Label: Metier Sound & Vision

Media Format: CD or Download

Media Runtime: 70

Mastering:

DDD

Catalogue Number: MSVCD2007

BEETHOVEN Violin Sonatas Nos Op 12. Skaerved/Shorr

Tracks:

Composition Artist Credit
Sonata for Violin and Piano No. 1 Ludwig van Beethoven, Composer
Aaron Shorr, Piano
Ludwig van Beethoven, Composer
Peter Sheppard Skaerved, Violin
Sonata for Violin and Piano No. 2 Ludwig van Beethoven, Composer
Aaron Shorr, Piano
Ludwig van Beethoven, Composer
Peter Sheppard Skaerved, Violin
Sonata for Violin and Piano No. 3 Ludwig van Beethoven, Composer
Aaron Shorr, Piano
Ludwig van Beethoven, Composer
Peter Sheppard Skaerved, Violin
Sonata for Violin Andreas Jakob Romberg, Composer
Aaron Shorr, Piano
Andreas Jakob Romberg, Composer
Peter Sheppard Skaerved, Violin
This is the fifth and final instalment of an interesting series that presents Beethoven’s violin sonatas in the context of music by his contemporaries. Here we are introduced to an Andreas Romberg sonata which bases its two latter movements on Scottish melodies. The middle movement is particularly charming and evocative, and even the first Allegro has a second subject that emphasises the pentatonic intervals that made Scottish melodies so beguiling to 18th-century ears.
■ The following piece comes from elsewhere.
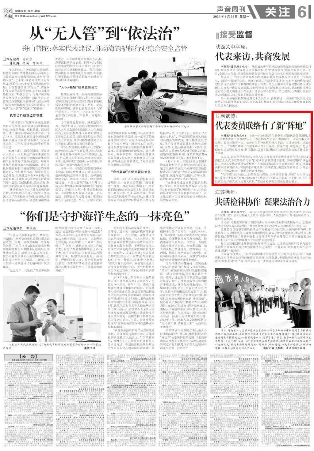 2023年8月28日,检察日报声音周刊刊发《甘肃武威:代表委员联络有了新“阵地”》。

This sonata is played most sympathetically, and I also enjoyed the Beethoven performances. Sheppard Skærved and Shorr manage the tempi of each movement most expertly; there’s enough flexibility to allow the music to breathe, and to project the contrasts between different ideas, but never at the expense of continuity. Sheppard Skærved is especially good with the more cantabile music, for instance in the sustained melodies of Op 12 No 3’s Adagio. Yet these performances wouldn’t be my first choice for Op 12. Sheppard Skærved isn’t the most demonstrative of violinists – Isabelle Faust or Alina Ibragimova both provide greater animation and a more consistent sense of involvement with the music’s details. Aaron Shorr plays with plenty of verve and energy but his tone comes over sometimes as quite hard, especially when playing Beethoven’s ‘grumpy’ bass chords. Pianos in the 1800s had a weaker but more transparent bass register, and I wonder why present-day pianists are so determined not to spread such chords. It was common practice in Beethoven’s day.